┌─ DATASET CONTENT
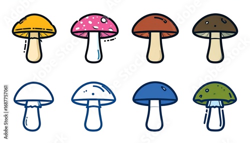 A vibrant illustration displays eight stylized mushrooms.
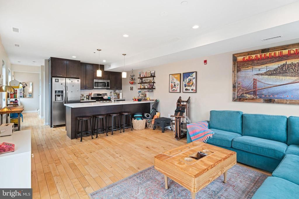 Available for a May move-in, this exceptional condominium rental offers space, light, and privacy rarely found in a rental property. Occupying the top two floors of a quiet building, this bi-level home provides over 1,200 square feet of living space with 2 bedrooms, 1.5 baths, and a private roof deck showcasing stunning skyline views. The main level features an open-concept living and dining area, perfect for both everyday living and entertaining. The kitchen is equipped with a full suite of stainless steel appliances, including a built-in microwave, dishwasher, and gas range. A convenient powder room and storage closet complete this level. Up the sun-filled open staircase, the second level offers a versatile first bedroom ideal for a home office or guest suite, upper-level laundry, and a spa-inspired full bathroom with a sliding glass enclosed shower. The spacious primary bedroom features large windows and closet. At the top, your private roof deck provides a peaceful retreat with incredible skyline views, no nearby neighbors, and plenty of room for outdoor furniture and grilling during the warmer months. Additional features include hardwood floors throughout, central air, custom window treatments, and a separate dedicated storage unit in the building. Located above Vineyard’s Café, your morning coffee is just downstairs. This fantastic Francisville location offers easy access to the Fairmount and Art Museum neighborhoods, and the Broad Street Subway is just three blocks away for a quick commute to Center City or the stadiums. A community garden just outside the building is lovingly maintained and enjoyed by the neighborhood. Pet-friendly at the landlord’s discretion, with a pet fee or deposit depending on type and weight. Available for a May move-in.
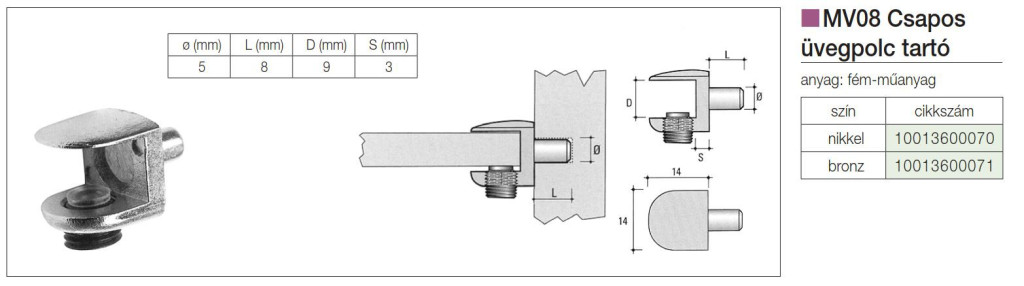 POLCTARTÓ MV08 ÜVEGPOLC TARTÓ 5x22mm BRONZ 10013600071
└─
TASK:
Would you output the data exactly, without any of its images?

COMPLETED TASK:
 A vibrant illustration displays eight stylized mushrooms.
 Available for a May move-in, this exceptional condominium rental offers space, light, and privacy rarely found in a rental property. Occupying the top two floors of a quiet building, this bi-level home provides over 1,200 square feet of living space with 2 bedrooms, 1.5 baths, and a private roof deck showcasing stunning skyline views. The main level features an open-concept living and dining area, perfect for both everyday living and entertaining. The kitchen is equipped with a full suite of stainless steel appliances, including a built-in microwave, dishwasher, and gas range. A convenient powder room and storage closet complete this level. Up the sun-filled open staircase, the second level offers a versatile first bedroom ideal for a home office or guest suite, upper-level laundry, and a spa-inspired full bathroom with a sliding glass enclosed shower. The spacious primary bedroom features large windows and closet. At the top, your private roof deck provides a peaceful retreat with incredible skyline views, no nearby neighbors, and plenty of room for outdoor furniture and grilling during the warmer months. Additional features include hardwood floors throughout, central air, custom window treatments, and a separate dedicated storage unit in the building. Located above Vineyard’s Café, your morning coffee is just downstairs. This fantastic Francisville location offers easy access to the Fairmount and Art Museum neighborhoods, and the Broad Street Subway is just three blocks away for a quick commute to Center City or the stadiums. A community garden just outside the building is lovingly maintained and enjoyed by the neighborhood. Pet-friendly at the landlord’s discretion, with a pet fee or deposit depending on type and weight. Available for a May move-in.
 POLCTARTÓ MV08 ÜVEGPOLC TARTÓ 5x22mm BRONZ 10013600071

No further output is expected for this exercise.